Basic principles of Multiphoton-Tomography

The classical fluorescence microscopy is using the capability of certain substances to emit light with a longer wavelength (lower energy) although excited by a shorter wavelength (normally UV-wavelengths). In this case the energy of the absorbed photons is transfered to excite electrons in a state E₂. Then the electrons loose part of their energy, because of radiationless transitions, and accumulate in a long lasting state at the lower boundry of the excited state. At the transition into the ground state E₁ photons are emitted which are observed as fluorescence. The lifetime of the excited state defines the fluorescence decay curve. If one photon doesn't suffice the necessary energy to excite the electron, it is possible that multiple photons are absorbed simultaniously. The probability of a multiphoton process is highly dependent on the photon density and therefore on the intensity of the radiation. With ultrashort laserpulses multiphoton absorption in fluorescent molecules can be observed at picojoule-energies. In this case the emitted fluorescence has a shorter wavelength (contrary to the one-photon process) than the absorbed photons. That is why fluorescence can also be obtained with NIR-Lasers and the more dangerous or at least contentious UV radiation can be avoided. The multiphoton-excitation has another advantage for three-dimensional imaging compared to the classical one-photon fluorescence. Due to the strong dependancy on the intensity, fluorescence is not excited in the complete region of radiation, but in a small space around the focus area. This results in a high spatial resolution even lower than the diffraction minimum and a depth resolution normally achieved in classical confocal scanning-microscopes only with a pinhole. 

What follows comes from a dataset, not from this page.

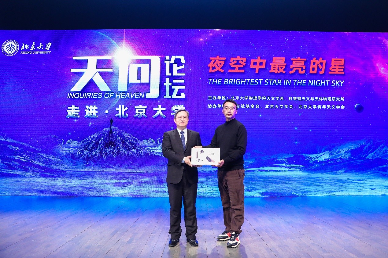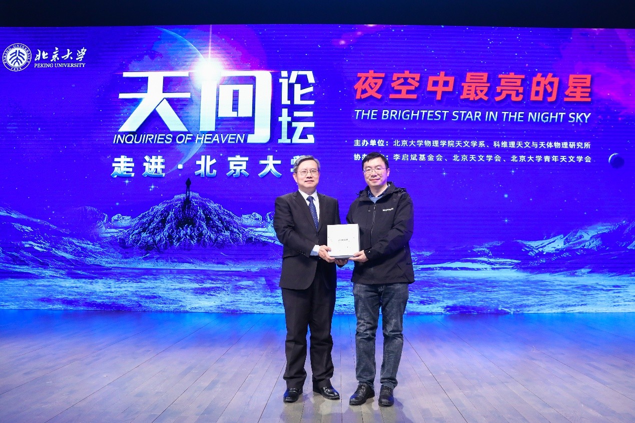 2024年12月9日晚,“天问”论坛“夜空中最亮的星”在北京大学百周年纪念讲堂李莹厅隆重举行。“天问”论坛宗旨是为了推广和普及天文学的基础知识,让更多的年轻人了解天文,鼓励他们加入到天文学的学习和研究中去。同时也向北大天文学系获得李启斌奖助学金的优秀学生们颁发证书。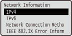 Displays the network settings such as the IP address of the machine and status such as the condition of wireless LAN communications.

Second harmonic generation (SHG; also called frequency doubling) is a nonlinear optical process, in which photons interact with a nonlinear material. They are effectively combined to form new photons with twice the energy, and therefore twice the frequency and half the wavelength of the initial photons. In recent years, SHG has been extended to biological applications. Researchers Leslie Loew and Paul Campagnola at the University of Connecticut have applied SHG to imaging of molecules that are intrinsically second-harmonic-active in live cells, such as collagen, while Joshua Salafsky is pioneering the technique's use for studying biological molecules by labelling them with second-harmonic-active tags, in particular as a means to detect conformational change at any site and in real time. SHG-active unnatural amino acids can also be used as probes.